Sure enough, the puking stopped. And so did his progress. His 5-kilometer times got worse.

Now the 16-year-old eats cups of noodles.

It's a start.

"He just hasn't figured it out yet," said his coach, Lisa Keller.

"I've worked with him since he was a freshman. We've been going through a number of things to figure out what keeps him fueled."

Getting teenagers to eat usually isn't that much of a task. The task for Keller and all high school coaches is making the athletes understand what to eat and, maybe as important, when to eat.

Karol Fink, public health nutritionist for the state, stated the obvious: "Teens don't eat well. They eat too much sugar and fill up on empty calories. Fast food isn't a great option. But with athletes, you have a captured audience."

Keller takes advantage of that audience by addressing eating habits during the team's first meeting of the year and in printed information she gives them. She also reminds them before each meet.

"I don't think it's that they don't listen, it's that they don't hear. They definitely want to do what's right. Cross-country runners are really aware of how different things are going to affect their performance."

Christina Knapp, 15, knows how eating right helps. She gets the facts right at home.

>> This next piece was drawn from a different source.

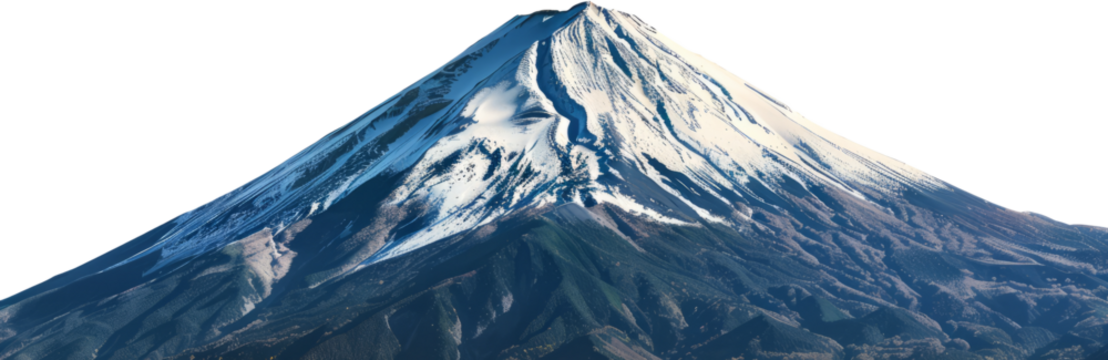 Fuji Mountain in Japan, snow capped peak in Spring isolated on white transparent

"My mom was a ski racer in (East) high school, and she would always have her best races after she ate fish the night before. So before a big race I'll have some fish."

To their credit, five East High runners interviewed last week all professed that they rarely, if ever, eat at fast-food places.

Keller credits parents for that unusual teenage dedication, saying her athletes come from families that are more clued in to nutrition and a healthy lifestyle and were exposed to that life early on.

"If you're not in the habit of doing that (eating junk food), you're not going to do it as a teenager either."

Fink, also a registered dietitian, said economics should play into it as well.

"Burger King is not cheaper. My meals at home are much less expensive. Parents just need to do some planning to provide healthy food. They (athletes) need to eat a variety of fruits and vegetables and lean meats."

While some coaches worry about their kids not eating enough, Keller need not have that concern with Knapp.

"I don't have just one big meal. I eat a lot. Breakfast isn't big," she said recently at school. "Just a bowl of cereal before I work out, but it's a really big bowl of cereal. At lunch I eat a lot. At dinner I eat a lot. I have a lot of snacks in between. I usually try to have a little salad when I eat, but it's basically meat at every meal other than breakfast. And a lot of potatoes."

Susan Kundrat, sports nutritionist for Northwestern University in Evanston, Ill., backs up Keller's and Fink's concerns about food.

In an e-mail she wrote: "I like my athletes to take their plate and divide it into fourths, then eat one-fourth protein; one-fourth pasta or rice or corn or peas or potatoes or bread or another grain; one-fourth fruit; and one-fourth veggies.

"Then they should drink milk or soy milk and add on whatever else they like from there. That way, we've covered the bases nutrition-wise, plus it's easy to do. They need to remember that if their fuel tank is low, that's trouble. Missing meals means they won't be able to train effectively and risk injury."

That's the mantra at East High.

"I'm very honest with these guys about the dangers of not having enough food," Keller said. "I don't want a little stick-thin runner girl. I have a tradition of very strong, healthy runner girls. I'm proud of that, and I'm hoping the message is getting out there."

Jaime Bronga, 16, gets the message.

"I eat a lot, all day. I eat one big meal a day, dinner." Other than the one big meal, she said, she likes to eat fruit and bread. The night before a race, she also likes fish -- salmon or halibut. And she eats vegetables.

"In terms of being fueled for your event or fueled for practice, there's no excuse anymore because there are so many options," Keller said.

"We're living in a great time right now because there's all kinds of sports nutrition like gels and blocks and drinks and bars. Jelly Belly is putting out a sports jelly bean that you can eat so you can get that little extra oomph before you work out."

She's not kidding. They're called Sport Beans. According to jellybelly. com, they come in four flavors -- lemon-lime, orange, fruit punch and berry blue -- and are "formulated with carbohydrates, electrolytes and vitamins B and C."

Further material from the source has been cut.